Son fiancé goûtait le style Louis XV.

Le mauvais goût de Marthe était autre; elle aurait plutôt versé dans le japonais. Il me fallut donc les combattre tous deux. C'était à qui jouerait le plus vite. Au moindre mot de Marthe, devinant ce qui la tentait, il me fallait lui désigner le contraire, qui ne me plaisait pas toujours, afin de me donner l'apparence de céder à ses caprices, quand j'abandonnerais un meuble pour un autre, qui dérangeait moins son œil.

Elle murmurait: «Lui qui voulait une chambre rose.» N'osant même plus m'avouer ses propres goûts, elle les attribuait à son fiancé. Je devinai que dans quelques jours nous les raillerions ensemble.

Pourtant je ne comprenais pas bien cette faiblesse. «Si elle ne m'aime pas, pensai-je, quelle raison a-t-elle de me céder, de sacrifier ses préférences, et celles de ce jeune homme, aux miennes?» Je n'en trouvai aucune. La plus modeste eût été encore de me dire que Marthe m'aimait. Pourtant j'étais sûr du contraire.

Marthe m'avait dit: «Au moins laissons-lui l'étoffe rose.»—«Laissons-lui!» Rien que pour ce mot, je me sentais près de lâcher prise. Mais «lui laisser l'étoffe rose» équivalait à tout abandonner. Je représentai à Marthe combien ces murs roses gâcheraient les meubles simples que «nous avions choisis», et, reculant encore devant le scandale, lui conseillai de faire peindre les murs de sa chambre à la chaux!

C'était le coup de grâce. Toute la journée Marthe avait été tellement harcelée qu'elle le reçut sans révolte. Elle se contenta de me dire: «En effet, vous avez raison.»

À la fin de cette journée éreintante, je me félicitai du pas que j'avais fait. J'étais parvenu à transformer, meuble à meuble, ce mariage d'amour, ou plutôt d'amourette, en un mariage de raison, et lequel! puisque la raison n'y tenait aucune place, chacun ne trouvant chez l'autre que les avantages qu'offre un mariage d'amour.

En me quittant, ce soir-là, au lieu d'éviter désormais mes conseils, elle m'avait prié de l'aider les jours suivants dans le choix de ses autres meubles. Je le lui promis, mais à condition qu'elle me jurât de ne jamais le dire à son fiancé, puisque la seule raison qui pût à la longue lui faire admettre ces meubles, s'il avait de l'amour pour Marthe, c'était de penser que tout sortait d'elle, de son bon plaisir, qui deviendrait le leur.

Quand je rentrai à la maison, je crus lire dans le regard de mon père qu'il avait déjà appris mon escapade. Naturellement il ne savait rien; comment eût-il pu le savoir?
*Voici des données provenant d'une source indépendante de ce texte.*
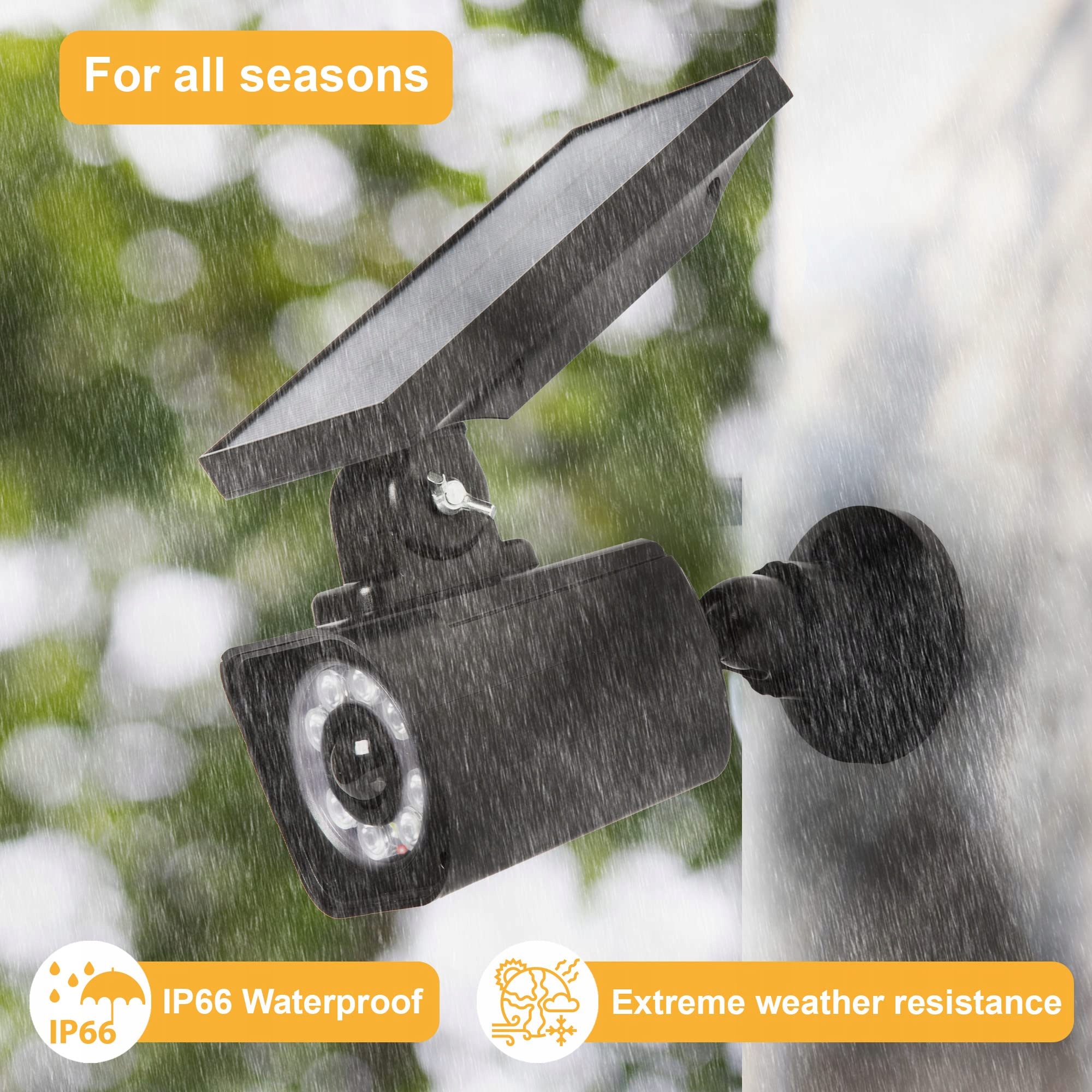 NA KAŻDĄ POGODĘ: Każdy tryb czujnika został przetestowany, aby zapewnić bezproblemową technologię czujnika ruchu PIR na zewnątrz. Dzięki długiemu czasowi pracy baterii nie musisz się obawiać przerw w dostawie prądu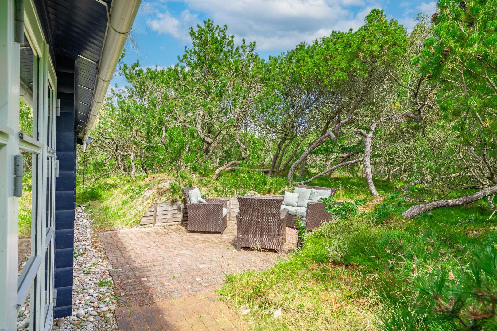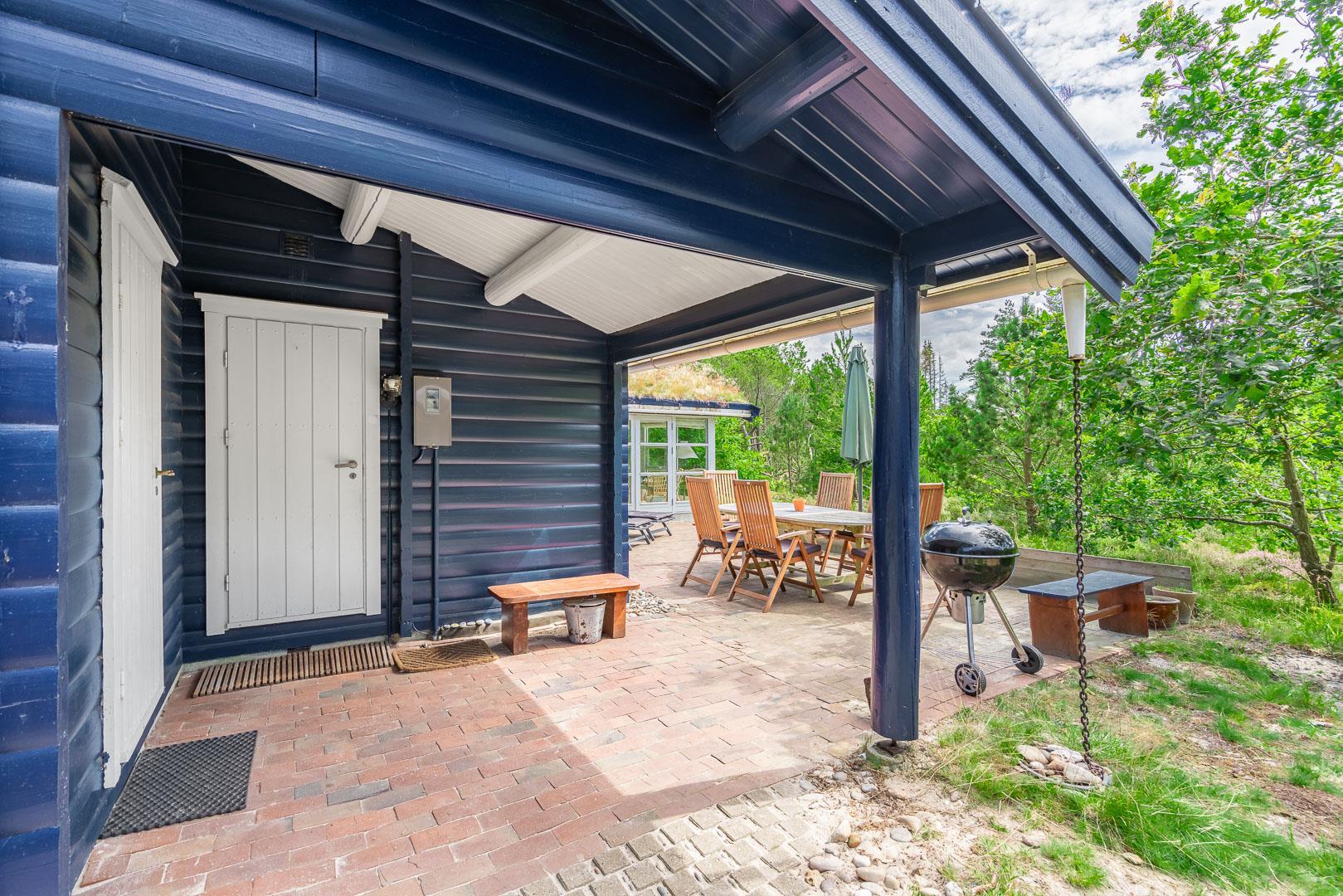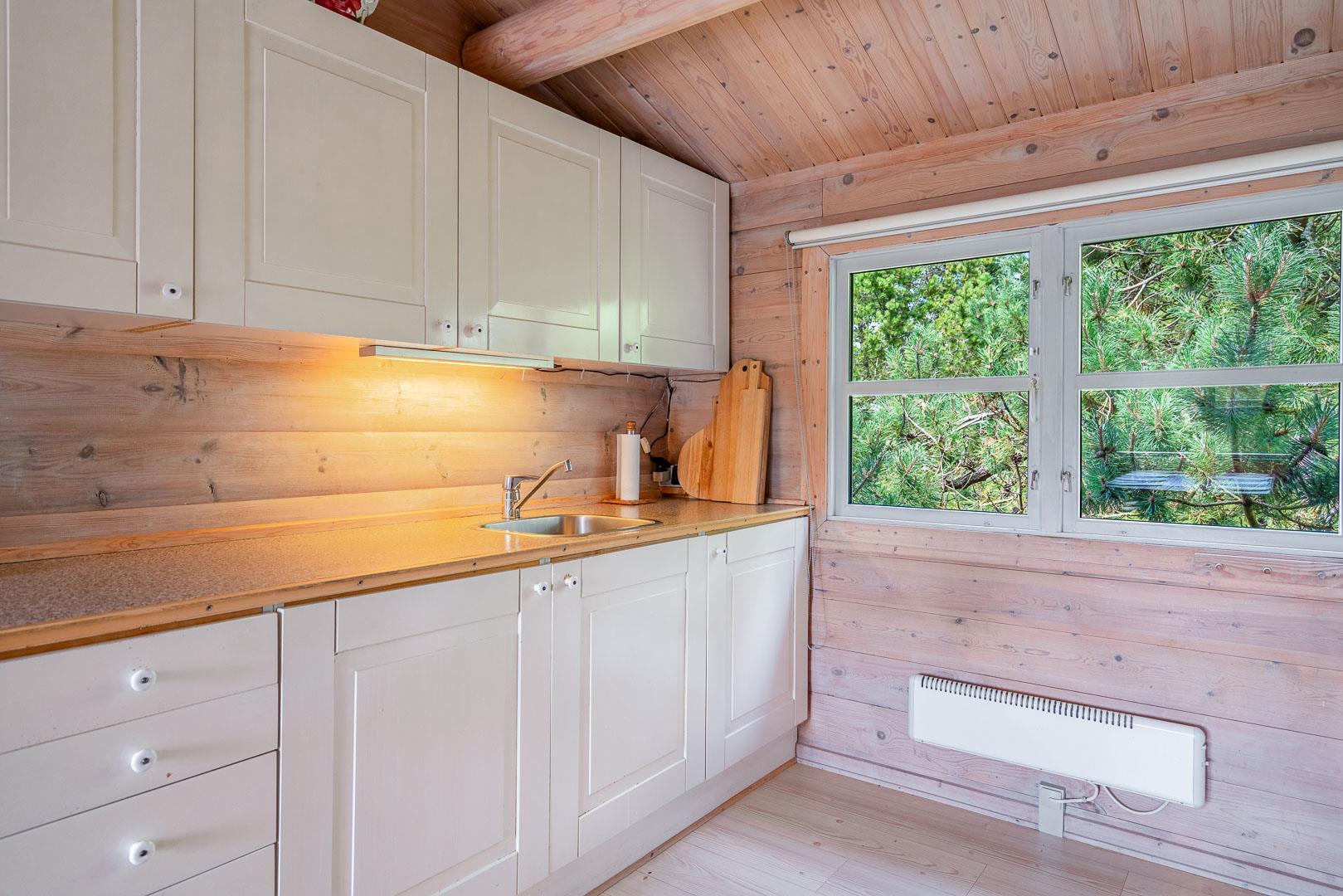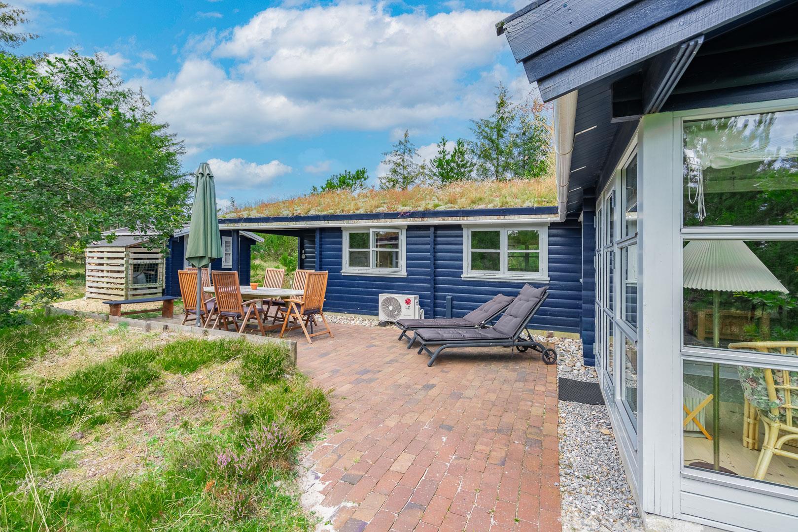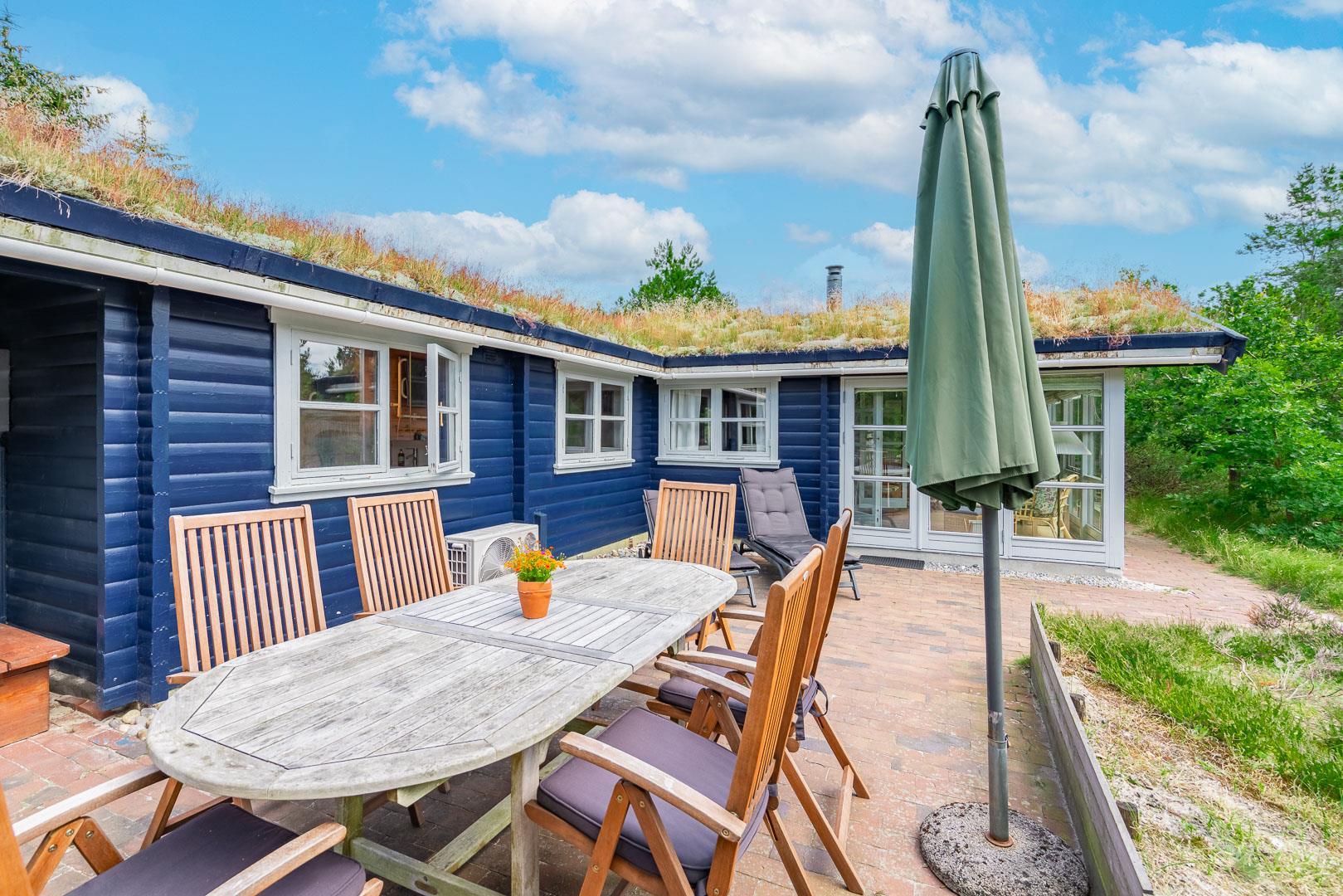 For ende af vej, gemt i naturen, direkte op til plantagen og med sti tæt ved huset, kan I nu nyde jeres ferie på Peder Larsensvej 61. Huset som er et bjælkehus med græs på taget, går i et med den smukke natur. Beplantningen på grunden er varierende og smuk på alle årstider. Med flere terrasser, og hyggekrog med loungesæt, kan I på alle måder opleve huset fra sin bedste side. En udestue med masser af lys og vinduespartier, vil opsluge jer og I vil sandsynligvis bruge meget tid her. En hyggelig stue med højt til loftet, synlige bjælker, komfortable møbler. Dejligt landkøkken med opvaskemaskine, fryser og mikroovn samt en spisekrog. På badeværelset befinder sig også vaskemaskine. 3 gode værelser.

«Bah! Jacques s'habituera bien à cette chambre», avait dit Marthe. En me couchant, je me répétai que, si elle songeait à son mariage avant de dormir, elle devait, ce soir, l'envisager de toute autre sorte qu'elle ne l'avait fait les jours précédents. Pour moi, quelle que fût l'issue de cette idylle, j'étais, d'avance, bien vengé de son Jacques: je pensais à la nuit de noces dans cette chambre austère, dans «ma» chambre!